Dutch grant puts money where mother tongue is

23 April 2003

Going Dutch: Carole Bloch and Prof Neville Alexander show off some of the work that PRAESA has begun to produce with the funds recently received from the Royal Netherlands Embassy.

The most recent multi-million rand grant by the Royal Netherlands Embassy to the Project for the Study of Alternative Education in South Africa (PRAESA) could hardly have been better timed. It comes just as the UCT group gears itself for the introduction of a mother tongue-based bilingual education approach in Western Cape schools.

The Embassy, one of PRAESA's most faithful and generous supporters since its inception in 1992, recently announced that it would contribute just under R10-million to the Project's coffers over the next two years. PRAESA, affiliated to the Faculty of Humanities, will deploy the funds in its ongoing work around language-in-education policy implementation and the promotion of the three official languages of the Western Cape, explained PRAESA director, Professor Neville Alexander.

This work includes the development of publications and learning support materials, such as the set of eight children's books, geared specifically at preschool and primary school children in the Western Cape, that the Project recently distributed around the Cape Town area. Written in Afrikaans, English and, crucially, in Xhosa, the books form an important part of PRAESA's efforts to foster a culture of reading among children and adults.

According to Carole Bloch, who specialises in early childhood development within PRAESA, the Xhosa versions are a rarity in children's books.

"There are hardly any preschool books written in Xhosa, and so many children, especially those for whom English or Afrikaans is a second or even third language, never have the opportunity to read books written in their mother tongue," she said.

The training of both educators and PRAESA staff is another area of concern for the Project, noted Alexander. Its premier initiative in this field is its postgraduate Training of Trainers course, a one-year programme designed to equip participants who train, monitor, advise, supervise or mentor teachers who work in multilingual classroom settings in the Southern African Development Community (SADC) region.

The focus of the programme is on the introduction of a mother tongue-based bilingual education system in southern Africa, Alexander said. Last year PRAESA hosted the first intake for this course.

Another area that provides much opportunity for research and development is around language planning, he added. This involves regular language mapping, or surveys of language profiles in the Western Cape.

"In order to plan properly," observed Alexander, "you need reliable and updated data." Always keeping an eye on the relation between language planning and policy development - at provincial and national levels - PRAESA's work received a major impetus when the Western Cape Education Department (WCED) announced last year that it would shortly be introducing a mother tongue-based education system in the province.
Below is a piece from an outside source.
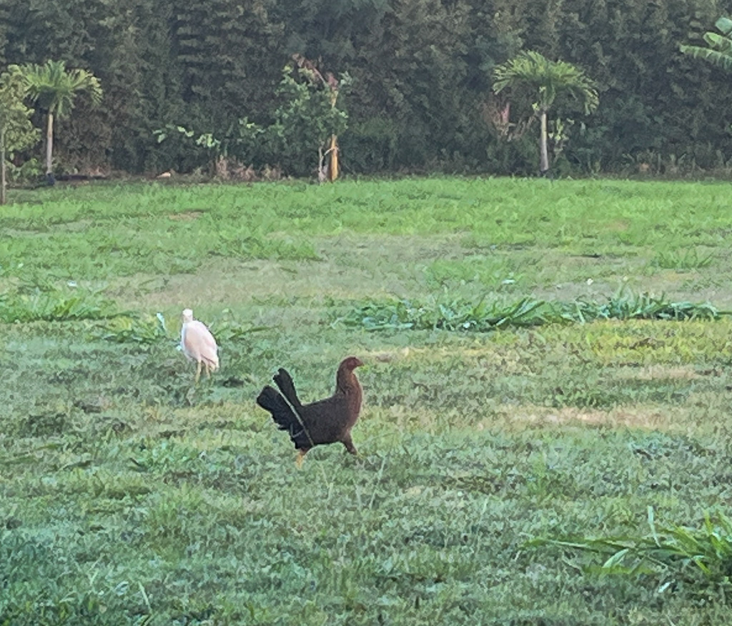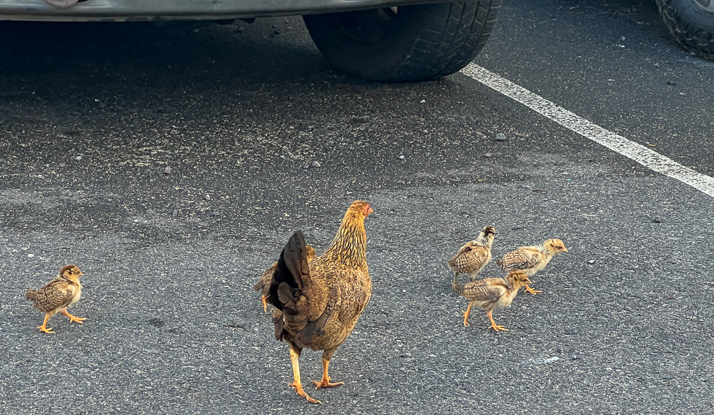 We had to leave the house by 7:30, all packed up, as we were heading to the other side of the island to visit the Kualoa Ranch before going direct to the airport. We swung by Foodland for a quick grab-and-go breakfast. Chicken was in the parking lot rather than on the menu…

But this, in part, requires that learners have access to material other than textbooks that they can turn to for additional reading.

It is here again that PRAESA's drive to foster a culture of reading will come into play, observed Alexander. Publishers, he added, are hesitant to produce books in any significant numbers unless they are sure there's a market for these.

"They have to have confidence that some sort of reading culture exists."

It is in appreciation of the group's work in this and other regards that the Royal Netherlands Embassy has again dug deep into its pockets to support PRAESA, Alexander said of the recent donation. "It's a testimony of their confidence in PRAESA, and a reinforcement of what we're trying to do in this country."